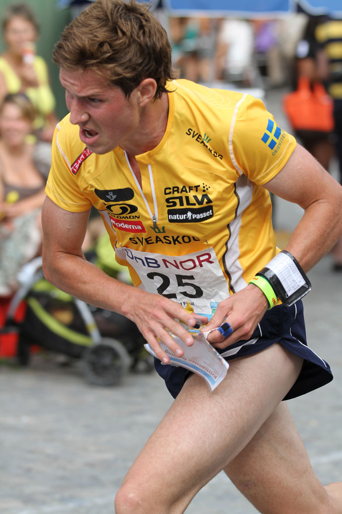 Martin Johansson at WOC 2010
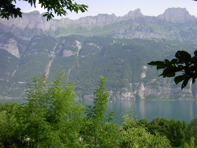 Walensee (facing north).
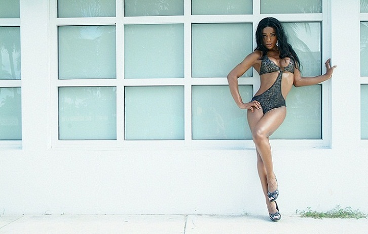 Miami,Fl
-- -- --
--- About this exercise ---
Return the full listing exactly as written, without any of its images.

--- Response to this exercise ---
 Martin Johansson at WOC 2010
 Walensee (facing north).
 Miami,Fl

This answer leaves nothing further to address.